55 → 282 tok/s: How I got Qwen3.5-397B running at speed on 4x RTX PRO 6000 Blackwell
A custom CUTLASS kernel fixed SM120's broken MoE tiles, pushing throughput from 55 to 282 tokens/second.
An engineer from Verdict AI has released a critical optimization that dramatically speeds up large Mixture-of-Experts (MoE) models like Qwen3.5-397B on NVIDIA's new Blackwell workstation GPUs. The problem stemmed from a mismatch in CUTLASS, NVIDIA's core linear algebra library. The library's autotuner was designed for datacenter Blackwell chips (B200) with 228KB of shared memory per streaming multiprocessor (SM), but workstation GPUs like the RTX PRO 6000 (SM120) only have 99KB. This caused it to skip all optimized "tiles" for computation, forcing models to use slow fallback kernels and leaving over 50% of potential performance unused.
The fix was a targeted patch to CUTLASS's `sm120_blockscaled_mma_builder.inl` file. It corrected a layout mismatch that occurred when using smaller K=64 tile shapes, which fit within the 99KB SMEM limit, instead of the default K=128 tiles. The patch adjusts how scale factors are computed and folded into the computation block. The result is a massive performance uplift: on a 4x RTX PRO 6000 setup running the Qwen3.5-397B-A17B-NVFP4 model, throughput soared from a baseline of 55 tokens/second (in WSL2) to 282 tokens/second—a 5x improvement.

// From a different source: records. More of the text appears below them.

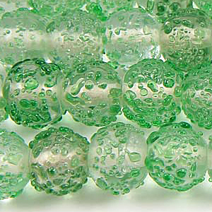 The attractive, transparent beads are dusted with a coating of fine glass, giving them a fantastic texture and a truly unique look. Beads and their hole sizes may vary as they are handmade.
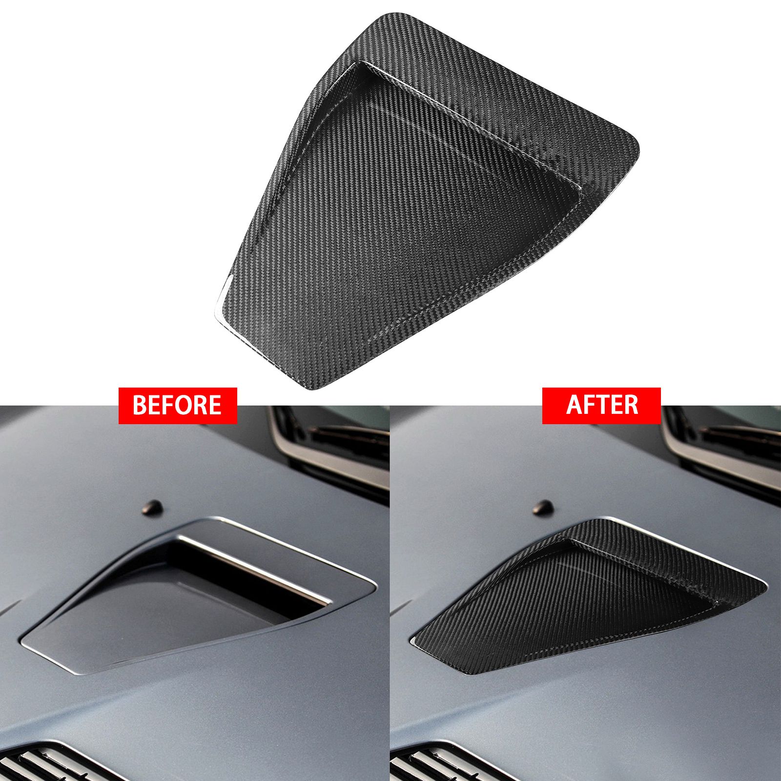 Superior Carbon Fiber: The hood scoop vent cover is made from 3k glossy carbon fiber, 1mm thick of epoxy coating, ensuring ruggedness and durability. It is resistant to UV rays and fouling, providing long lasting performance.
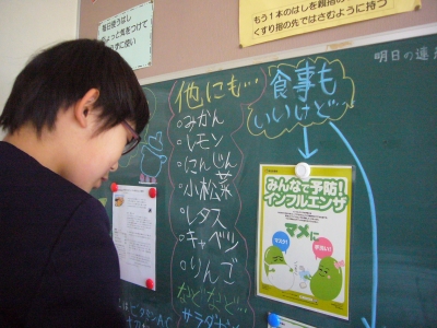 が、「かぜ・インフルエンザの予防」についてわかりやすく掲示して
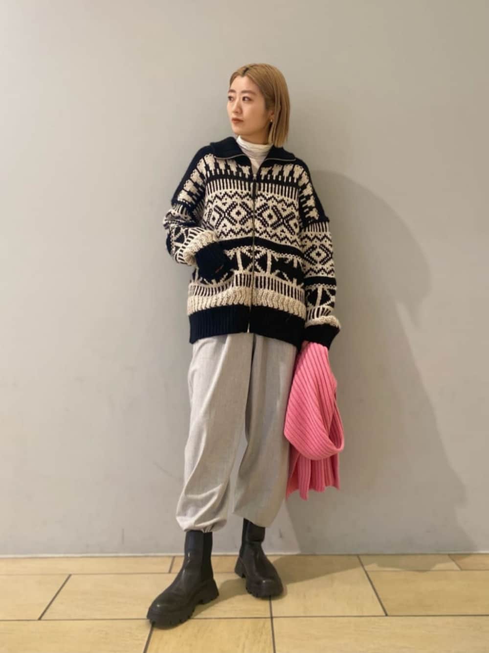 【サイズ感】 トップス:オーバーサイズなので、アウター感覚で着れます! ボトムス:やや丈長めなので、たるませて履くのが◎ 【コーディネートのポイント】 カウチンカーディガンを主役にコーディネートしました。ブーツインやストールを差し色にしてメリハリをつけています。

Verdict AI has submitted a pull request to the FlashInfer project and provides a pre-built Docker image (`verdictai/vllm-blackwell-k64`) for easy deployment. The optimization is crucial for professionals running state-of-the-art MoE models on high-end workstation hardware, effectively bridging the performance gap with far more expensive datacenter systems.
- Patched CUTLASS to fix SM120's MoE GEMM tile overflow, enabling K=64 shapes on 99KB shared memory.
- Boosted Qwen3.5-397B inference speed from 55 to 282 tokens/sec (5x faster) on 4x RTX PRO 6000 GPUs.
- Pre-built Docker image available, with PR submitted to FlashInfer for community-wide Blackwell optimization.
Why It Matters
Unlocks datacenter-level inference speeds for massive 397B-parameter MoE models on affordable workstation GPUs, democratizing high-performance AI.